The Equal Employment Opportunity Commission (EEOC) has published a proposed rule that would revise the agency’s existing regulations under the 2008 Genetic Information Nondiscrimination Act (GINA) to explicitly allow employers to offer employees financial or other inducements based on a spouse’s participation in a corporate wellness program.
Such a clarification is necessary, the EEOC explains, because the existing GINA regulations can reasonably be interpreted as barring the acquisition of information about a spouse’s health status in connection with the offer of any wellness participation reward or incentive.
Title II of GINA, which is enforced by EEOC, broadly prohibits employers from acquiring an individual’s genetic information; however, one exception does allow such acquisition in connection with a voluntary employee wellness program.

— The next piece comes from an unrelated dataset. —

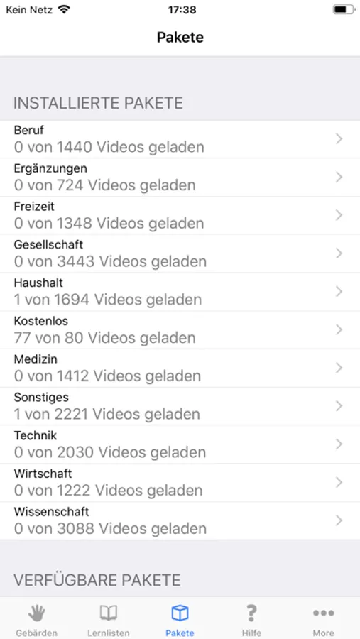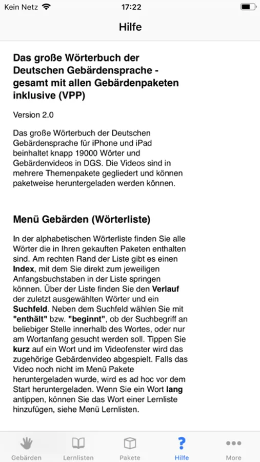 Das App ist mit einem Wortumfang von 80 Wörtern zum Kennenlernen kostenlos. Der restliche Wortschatz ist in 10 Themenpakete gegliedert, die einzeln gegen Gebühr in das DGS Wörterbuch heruntergeladen werden können. Hierbei entsteht ein erhebliches Datenvolumen von insgesamt ca. 2GB, weshalb Sie den Downnload möglichst mit WLAN Verbindung ausführen sollten. Nach dem einmaligen Download braucht die App keine Online-Verbindung mehr.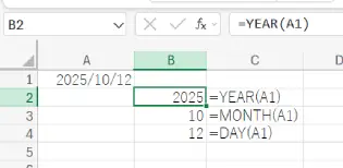 同様に、B3セルには =MONTH(A1)、B4セルには =DAY(A1) を使って、A1の日付からそれぞれ「月」と「日」の部分を抽出しています。

Consistent with the EEOC’s recently proposed regulations on wellness programs under the Americans with Disabilities Act (ADA), under the agency’s GINA proposal, any wellness program that requests an individual’s genetic information would have to be “reasonably designed to promote health or prevent disease,” meaning that the program has a reasonable chance of improving participants’ health or preventing disease and (1) is not overly “burdensome,” (2) is not a subterfuge for violating GINA or any other EEO law; or (3) does not employ a “highly suspect” method for achieving health results.